McKissack v. Bullington

37 Miss. 535 | Miss. | 1859

Harris, J.,

delivered the opinion of the court.

The plaintiff in error instituted proceedings for unlawful detainer against defendant, for the possession of a town lot, under the statute. A trial was had before the justices and jury, and verdict rendered for plaintiffi An appeal was taken to the Circuit Court, and there a trial was had and jury and verdict for defendant; and the case is prosecuted here by writ of error. ,

The assignment of errors relates to the charges given and refused, and the refusal to grant a new trial.

The record shows that the plaintiff in error, by verbal contract,sold the lot in question to one Albert Bullington, who went into possession, but never paid any money or in any manner complied with ■said verbal arrangement. That said A. Bullington, plaintiff’s tenant or vendee, contracted with one Batten for the erection of a stable on said lot. That after the completion of the work, Patten failing to collect his money of A. Bullington, commenced proceedings in the Circuit Court of De Soto county to enforce his mechanics’ lien. Judgment was obtained, execution issued, and the lot sold by the sheriff to one Erazee, who sold to defendant, E. Bullington. Plaintiff, within the time limited by the statute, commenced this proceeding, after having demanded payment, and upon refusal, demanded possession of the premises.

Upon this state of facts,, the court was requested by the plaintiff to charge the jury : That if the defendant claims the lot in controversy by title derived from Albert Bullington, and that Albert Bul-lington went into possession of said lot under a parol contract with plaintiff, that he would make him a deed therefor whenever said lot was paid for by him; and that plaintiff demanded payment of the *538purchase-money, due on said contract, from defendant, who refused to pay the same; and that plaintiff thereupon declaredsaid contract at an end, and demanded possession of said' lot; and on the refusal of defendant to deliver him possession of said lot, brought this suit of unlawful detainer within three years after this refusal of defendant to comply with said contract, then they will find for plaintiff.

This charge was refused. We think it was a correct statement of the law under the facts appearing in the record; or at least it was quite as favorable to the defence, if not more so, than the rules of law require.

The defendant requested the court to instruct the jury, “ that the action of unlawful detainer can only be maintained where there exists between the parties the relation of landlord and tenant, or of vendor or vendee. And that unless the jury believe, from the evidence, that there was a contract between the parties to pay and receive rent, the relation of landlord and tenant cannot exist. And that unless the contract for the sale of land is in writing, it cannot create the relation of vendor and vendee so as to enable the vendor, on refusal of the vendee to comply with his contract, to bring an action of unlawful detainer.”

This instruction was given, and is clearly erroneous.

In the first place, it is not true as a legal proposition, either that' the actual relations of landlord and tenant or of vendor and vendee should exist, to entitle the plaintiff to this proceeding under the statute. The owner of land, though in the constructive possession of it, may maintain his action for forcible entry and unlawful detainer against a party who peaceably enters the premises and detains the possession from him without his consent.

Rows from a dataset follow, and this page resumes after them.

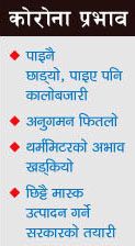 केमिकल एन्ड मेडिकल सप्लायर्स एसोसिएनका सचिव अर्जुन रायमाझीले कच्चा पदार्थ नआउँदा सर्जिकल मास्क उत्पादन गर्ने उद्योगहरू बन्द रहेको बताए । उनले भने, ‘माग बढी छ । तर, कच्चापदार्थ नआएको दुई महिना बितिसक्यो । सरकार पनि यस विषयमा गम्भीर हुनुपर्छ ।’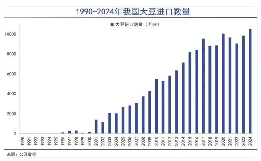 自2001年起,我國大豆進口規模呈現快速增長態勢,至2024年進口量已突破1億噸大關,穩居全球大豆進口國首位。當前,我國大豆對外依存度持續攀升,進口來源地高度集中。中國海關數據顯示,2024年我國大豆對外貿易依存度已達83.57%,其中從巴西、美國、阿根廷三大主產國進口的大豆進口量占據進口總量的96%以上,年進口規模超1億噸。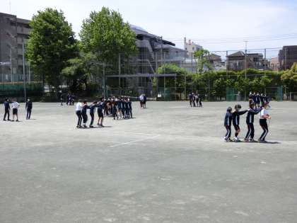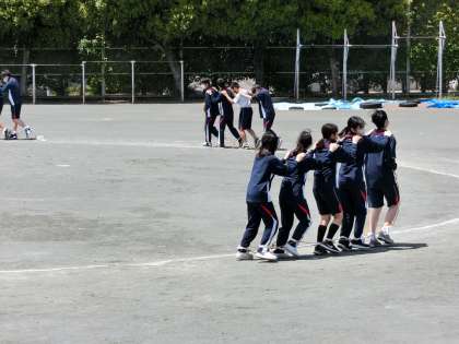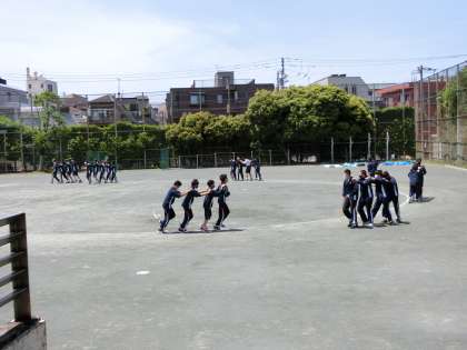 晴れたすがすがしい校庭で、「こむかで」の練習をしています。

Wilson v. Pugh, 32 Miss. R. 196.

Nor is it necessary that there should be a contract to pay and receive rent to create the relation of landlord and tenant: one holding at will or by sufferance, is a tenant.; and he of whom the possession is held, is in law the landlord, in the absence of any contract to pay rent, or even where it is understood between the parties that no rent is to be paid.

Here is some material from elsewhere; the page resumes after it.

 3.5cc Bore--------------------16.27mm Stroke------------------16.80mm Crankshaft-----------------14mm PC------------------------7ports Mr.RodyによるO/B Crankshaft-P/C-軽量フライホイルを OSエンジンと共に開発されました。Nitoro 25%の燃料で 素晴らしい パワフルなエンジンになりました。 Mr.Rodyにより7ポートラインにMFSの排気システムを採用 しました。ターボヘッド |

Nor is it necessary, in all cases, that the contract for the sale of land should be in writing to constitute the relation of vendor and *539vendee. As when the vendor holds the vendee’s note for the payment of the purchase-money, the vendee being in possession, and the vendor willing to execute title, here the relation of vendor and vendee not only exists, but the vendee may be compelled to pay the purchase-money. See Lewis v. Hutchins, 8 S. & M. 328, and cases there cited.

Let the judgment be reversed, and cause remanded, and a venire de novo awarded.